**Exercise description**
In the records below, find the line with "Cuisinez au quotidien" and repeat exactly every line from it through the line with "В США в августе". Pictures stay out.

**Exercise data**
• • • • •

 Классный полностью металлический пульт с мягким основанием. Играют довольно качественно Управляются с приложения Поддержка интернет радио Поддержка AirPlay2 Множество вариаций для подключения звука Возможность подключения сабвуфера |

• • • • •

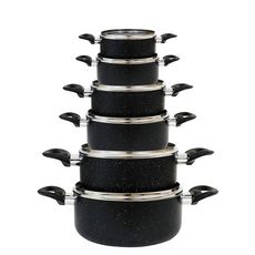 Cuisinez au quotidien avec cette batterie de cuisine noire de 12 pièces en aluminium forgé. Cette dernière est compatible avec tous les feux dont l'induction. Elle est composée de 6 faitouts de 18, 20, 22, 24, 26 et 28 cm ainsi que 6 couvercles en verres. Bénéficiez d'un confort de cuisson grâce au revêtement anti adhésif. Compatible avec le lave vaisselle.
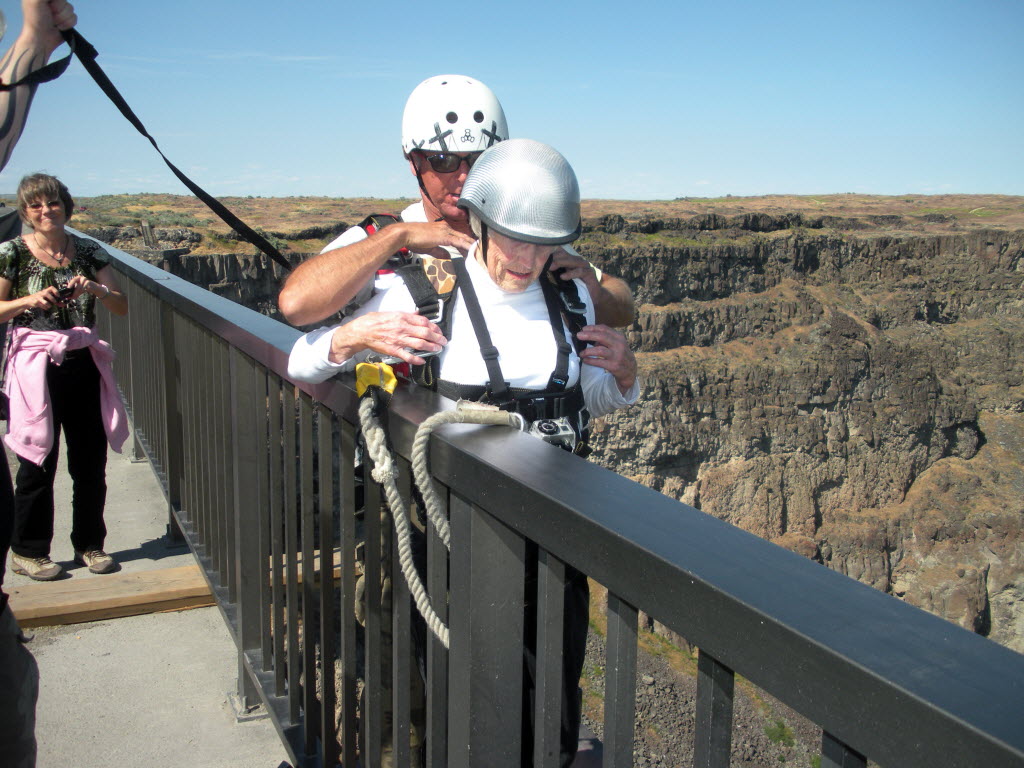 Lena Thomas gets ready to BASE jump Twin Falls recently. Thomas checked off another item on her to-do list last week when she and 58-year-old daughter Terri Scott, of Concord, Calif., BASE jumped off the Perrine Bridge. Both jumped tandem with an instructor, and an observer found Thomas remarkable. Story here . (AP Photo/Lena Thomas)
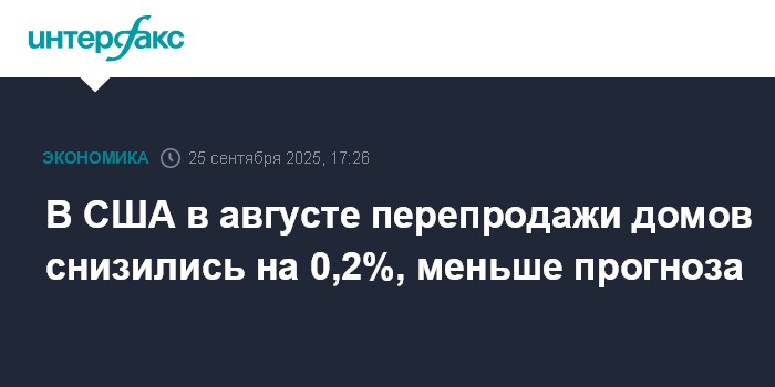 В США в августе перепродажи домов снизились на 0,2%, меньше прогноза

• • • • •

**Response**
 Cuisinez au quotidien avec cette batterie de cuisine noire de 12 pièces en aluminium forgé. Cette dernière est compatible avec tous les feux dont l'induction. Elle est composée de 6 faitouts de 18, 20, 22, 24, 26 et 28 cm ainsi que 6 couvercles en verres. Bénéficiez d'un confort de cuisson grâce au revêtement anti adhésif. Compatible avec le lave vaisselle.
 Lena Thomas gets ready to BASE jump Twin Falls recently. Thomas checked off another item on her to-do list last week when she and 58-year-old daughter Terri Scott, of Concord, Calif., BASE jumped off the Perrine Bridge. Both jumped tandem with an instructor, and an observer found Thomas remarkable. Story here . (AP Photo/Lena Thomas)
 В США в августе перепродажи домов снизились на 0,2%, меньше прогноза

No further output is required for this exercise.